When you look at the complete set, you should get all 200 labels:
> valid_dl <- dataloader(valid_ds, batch_size = 10000, shuffle = FALSE, drop_last = TRUE)
> labels <- dataloader_next(dataloader_make_iter(valid_dl))[[2]]
> unique(as.numeric(labels))
[1] 1 2 3 4 5 6 7 8 9 10 11 12 13 14 15 16 17 18 19
[20] 20 21 22 23 24 25 26 27 28 29 30 31 32 33 34 35 36 37 38
[39] 39 40 41 42 43 44 45 46 47 48 49 50 51 52 53 54 55 56 57
[58] 58 59 60 61 62 63 64 65 66 67 68 69 70 71 72 73 74 75 76
[77] 77 78 79 80 81 82 83 84 85 86 87 88 89 90 91 92 93 94 95
[96] 96 97 98 99 100 101 102 103 104 105 106 107 108 109 110 111 112 113 114
[115] 115 116 117 118 119 120 121 122 123 124 125 126 127 128 129 130 131 132 133
[134] 134 135 136 137 138 139 140 141 142 143 144 145 146 147 148 149 150 151 152
[153] 153 154 155 156 157 158 159 160 161 162 163 164 165 166 167 168 169 170 171
[172] 172 173 174 175 176 177 178 179 180 181 182 183 184 185 186 187 188 189 190
[191] 191 192 193 194 195 196 197 198 199 200
Does this work for you?
@skeydan yes, it works, my mistake was to create new iterator in all sequential calls of dataloader_next()
.
But I still can't understand why example https://torchvision.mlverse.org/articles/examples/tinyimagenet-alexnet.html doesn't work:
[epoch 1]: Loss = 5.299575, Acc= 0.025040
[epoch 2]: Loss = 5.299323, Acc= 0.025040
[epoch 3]: Loss = 5.299293, Acc= 0.025040
[epoch 4]: Loss = 5.299235, Acc= 0.025040
With model_resnet18()
it looks something better but also confusing:
[epoch 1]: Loss = 4.568783, Acc= 0.064203
[epoch 2]: Loss = 3.636775, Acc= 0.065905
[epoch 3]: Loss = 3.179632, Acc= 0.079127
[epoch 4]: Loss = 2.820852, Acc= 0.080429
[epoch 5]: Loss = 2.472266, Acc= 0.087740
[epoch 6]: Loss = 2.094413, Acc= 0.088442
[epoch 7]: Loss = 1.662074, Acc= 0.084135
[epoch 8]: Loss = 1.191983, Acc= 0.078125
[epoch 9]: Loss = 0.746314, Acc= 0.083333
[epoch 10]: Loss = 0.440392, Acc= 0.082833
[epoch 11]: Loss = 0.281548, Acc= 0.075020
pred <- [torch_topk](https://rdrr.io/pkg/torch/man/torch_topk.html)(pred, k = 5, dim = 2, TRUE, TRUE)[[2]]$add(1L)
should be
pred <- [torch_topk](https://rdrr.io/pkg/torch/man/torch_topk.html)(pred, k = 5, dim = 2, TRUE, TRUE)[[2]]
Now model predicts right labels, but alexnet with optim_adam
still doesn't learn anything at least during first several epochs while resnet18 has top5-accuracy 0.37 after first epoch. optim_adagrad(model$parameters, lr = 0.005)
works much better.
# alexnet with optim_adam(model$parameters)

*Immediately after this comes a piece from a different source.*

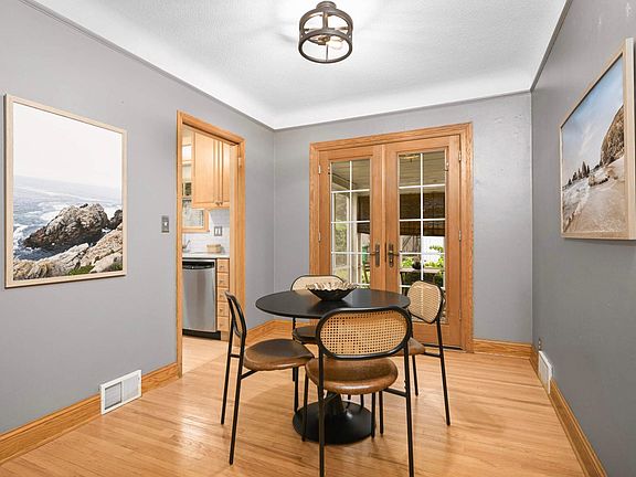 This charming 3-bedroom home sits in the desirable Windom neighborhood on a corner lot with an oversized 2 car garage and a fenced backyard brimming with vegetable gardens and landscaping. The bright kitchen has been stylishly updated with lots of countertop and storage space, and the dining room has beautiful French doors that lead out to the charming screened porch. The main level also features a living room with a cozy gas fireplace, as well as two bedrooms and an updated bathroom. The spacious upper level primary bedroom includes a walk-in closet, which has excellent ceiling height, allowing for the potential to add a future 2nd bathroom. The clean, unfinished basement has lots of space for storage, as well as the additional potential for adding more finished space, such as a future family room, 4th bedroom, and/or bathroom. You’ll enjoy spending time in the screened porch and from there you can step out onto the backyard patio where you’ll be surrounded by the vegetable and fruit garden in the fenced backyard. You’ll love the location, as this great home sits within a few blocks of fantastic neighborhood businesses and restaurants, while also being close to Minnehaha Creek and the Grand Rounds trail system.

[epoch 1]: Loss = 5.299603, Acc= 0.025040
[epoch 2]: Loss = 5.299326, Acc= 0.025040
# alexnet with optim_adagrad(model$parameters, lr = 0.005)
[epoch 1]: Loss = 7.493342, Acc= 0.112881
[epoch 2]: Loss = 4.772662, Acc= 0.175381
Hi @statist-bhfz,
I can confirm your improvements work better than the original setting!

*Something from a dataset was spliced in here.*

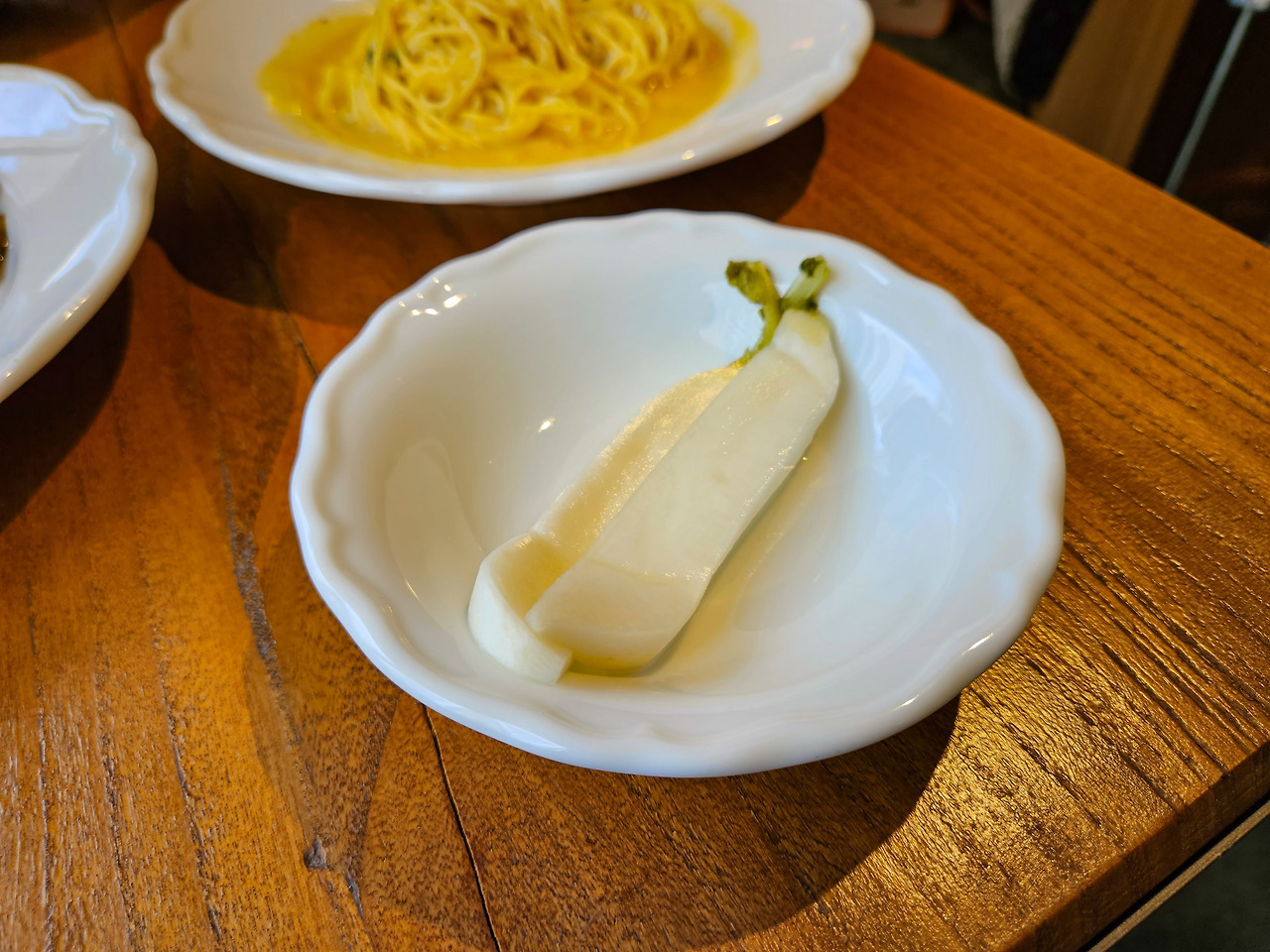 느끼할 때쯤엔 파스타와 함께 나온 알타리 피클을 먹으면 좋습니다. 아삭한 식감에 적당하게 갖춘 시트러스 풍미가 정말 일품입니다.

[epoch 1]: Loss = 6.557040, Acc= 0.105569
[epoch 2]: Loss = 4.818115, Acc= 0.162760
[epoch 3]: Loss = 4.612732, Acc= 0.209936
[epoch 4]: Loss = 4.457637, Acc= 0.241587
[epoch 5]: Loss = 4.362794, Acc= 0.255909
Merging your PR, thanks for the contribution!